Locally, the transportation industry is doing well. After combining with Roadway Corp. in a deal valued at $1.05 billion in December, Kansas City based Yellow Roadway Corp. blew away earnings expectations during the second quarter of this year, with earnings increasing more than 50 percent from last year.

SCS Transportation purchase of Clark Brothers Transfer Inc. for $30.5 million adds new markets to SCS’s territory as it adds Kansas City, Chicago, Minneapolis and St. Louis to the route map, boosting the trucking firm’s reach to 29 states with 127 terminals.

Improving operations and a stronger economy propelled Kansas City Southern Railway to a profit and higher revenue through the second quarter of 2004. Business is up more than 5 percent from its 2003 numbers and KCS’s operations in Mexico are showing positive growth moving into the later half of 2004.

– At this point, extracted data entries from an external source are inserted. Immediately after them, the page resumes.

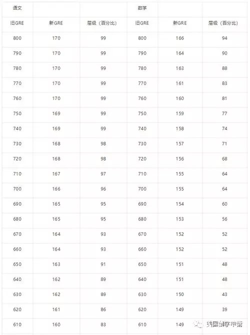 新型GRE分数对照表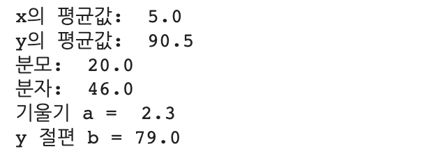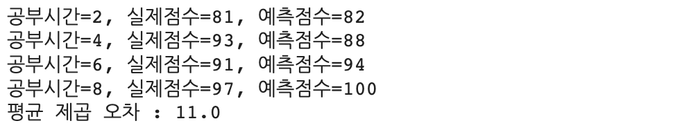print("공부시간=%.f, 실제점수=%.f, 예측점수=%.f" % (x[i], y[i], predict(x[i])))
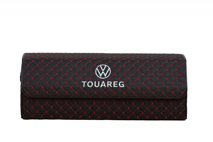 Органайзер у багажник автомобіля Volkswagen Touareg з перфорованого екошкіри та вишитим логотипом 100*30*30 см Чорний з черв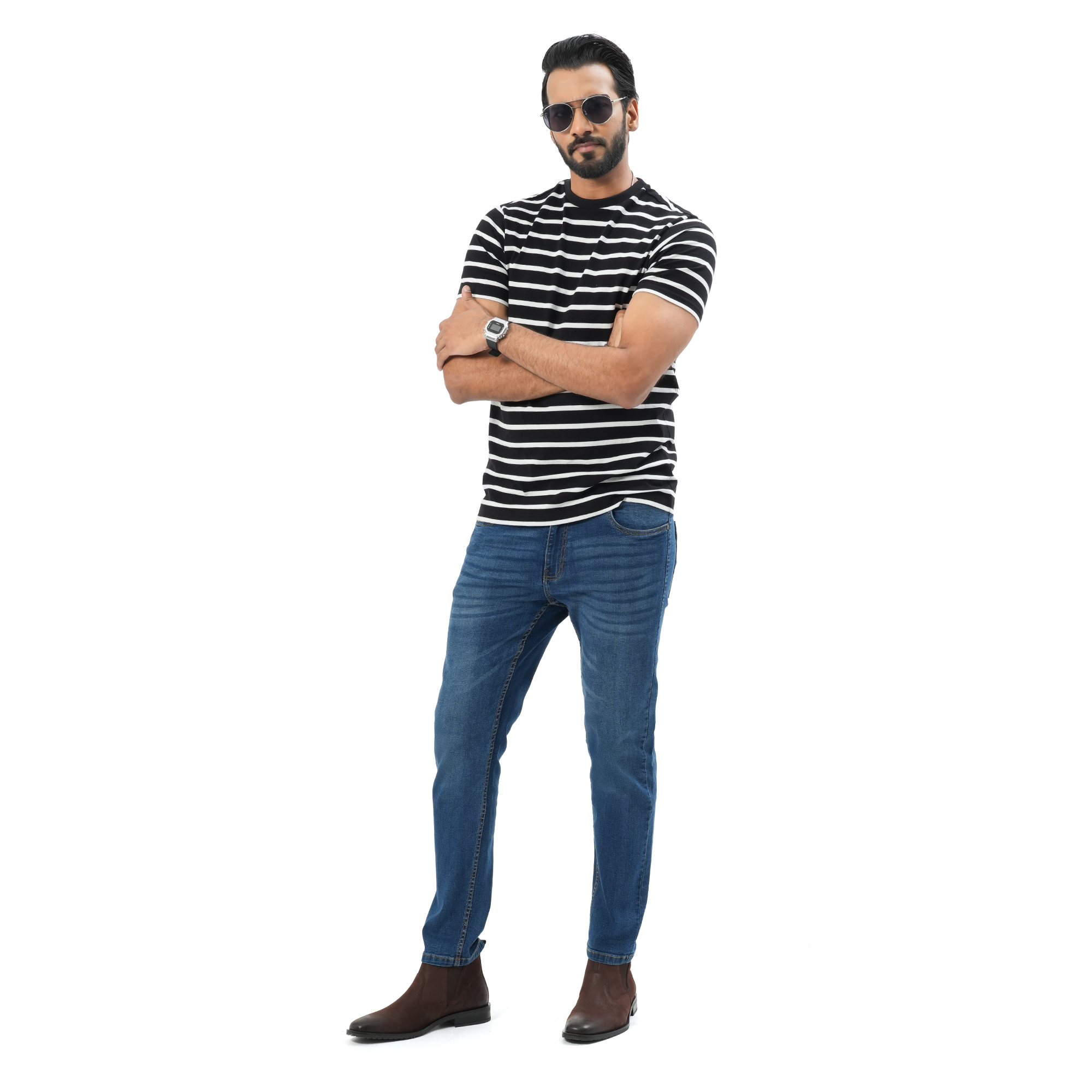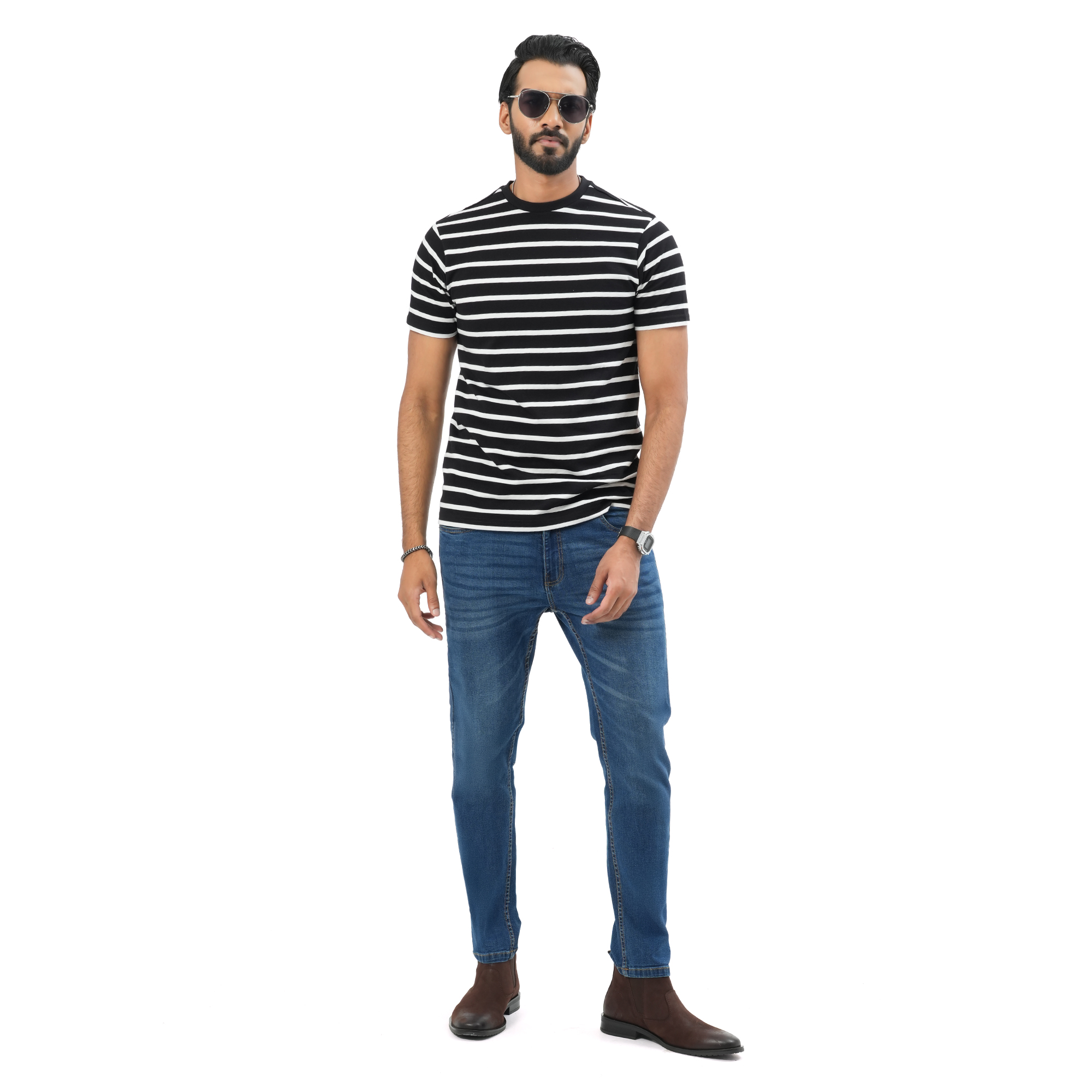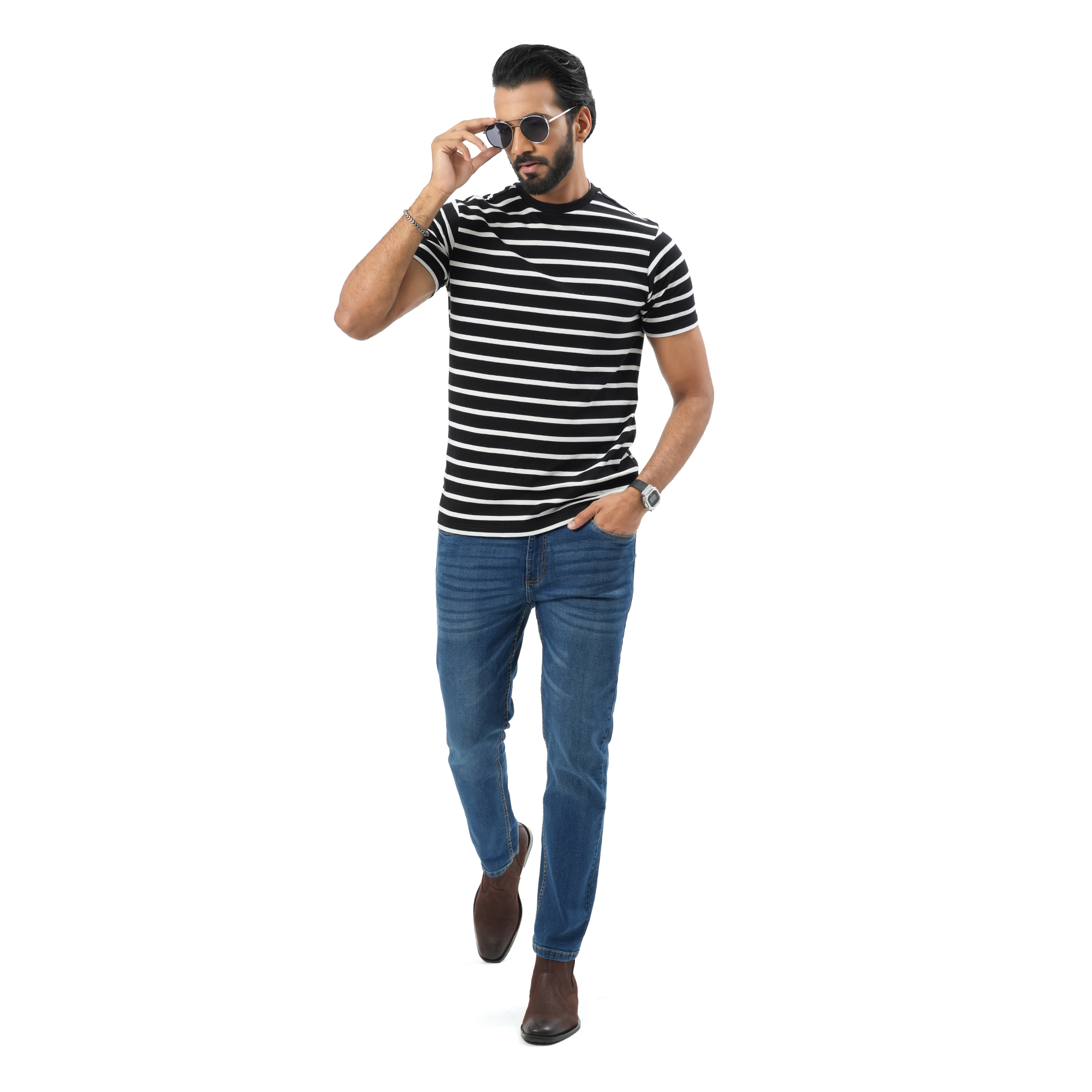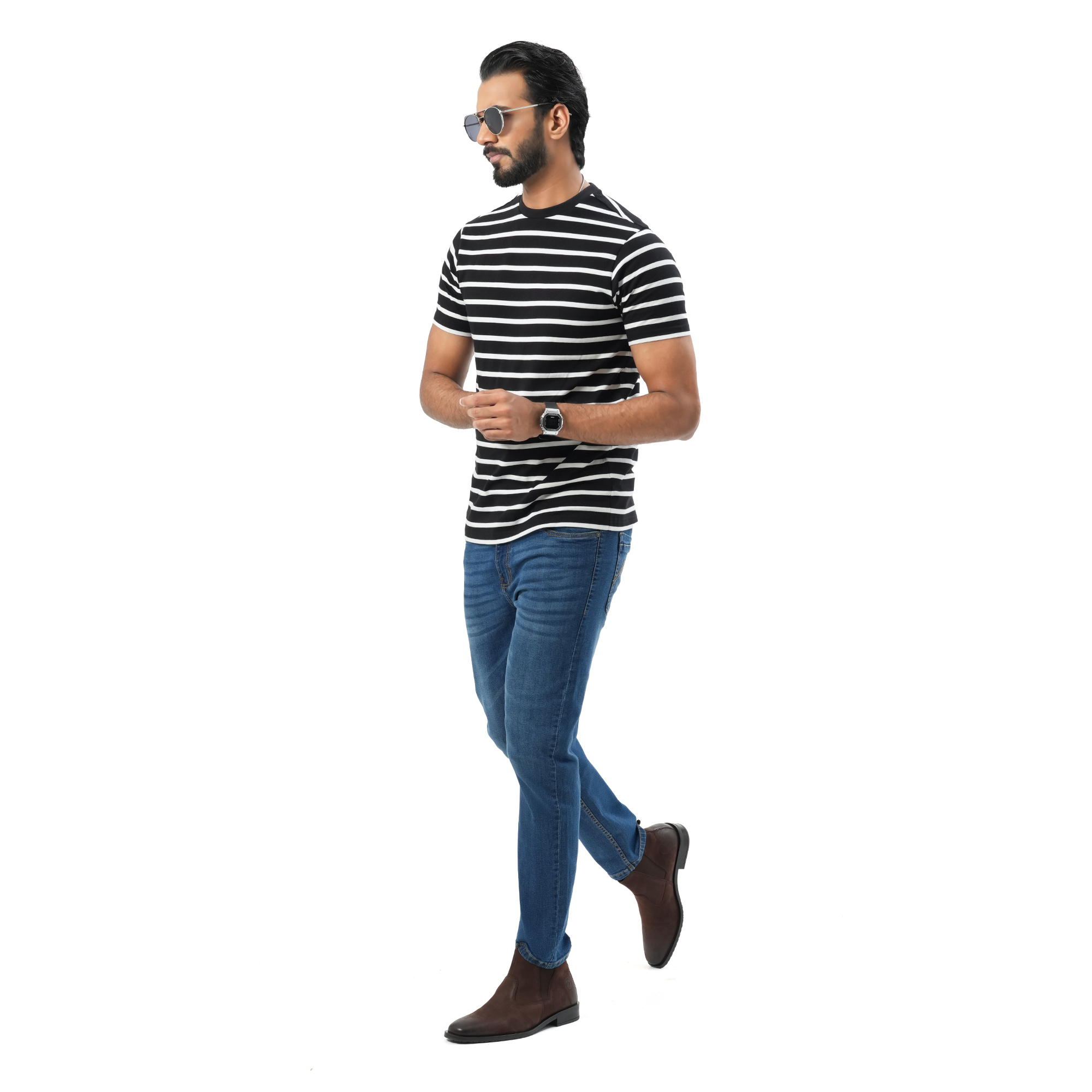 A timeless striped design meets everyday comfort in this men’s black t-shirt. Made from soft, breathable fabric, it delivers a lightweight feel that keeps you comfortable throughout the day. The clean black and white stripe pattern adds a sharp, modern touch, making it easy to style for casual outings or relaxed weekends. Pair it with jeans or chinos for a simple yet confident look.

An interesting sign of growth for the Kansas City region is the increase of companies considering the region for new distribution facilities. Companies and consultants are reporting that the Kansas City area is showing up on their transportation cost models as an ideal location for regional distribution and national distribution.

Manufacturing is also on the rise in the Midwest and especially Kansas City. Ford’s Kansas City manufacturing plant was recently named the most productive plant in the country. At 490,000 units a year, it builds more vehicles than any other assembly plant in the country. The National Association of Manufacturers (NAM) also announced plans to launch a pilot program in the fall to boost the manufacturing industry’s need for a trained workforce to meet the growing demand.

In conclusion, 2004 was a challenging year but also a growth year. In 2005, the challenges facing the rail industry with a shortage of engineers and equipment will cause additional strains on their network that will also affect the motor carrier industry. Increases in imports coming into the United States will challenge port cities to become more flexible and creative. Kansas City’s central location, excellent transportation infrastructure and available land and workforce position this region for continued growth in 2005.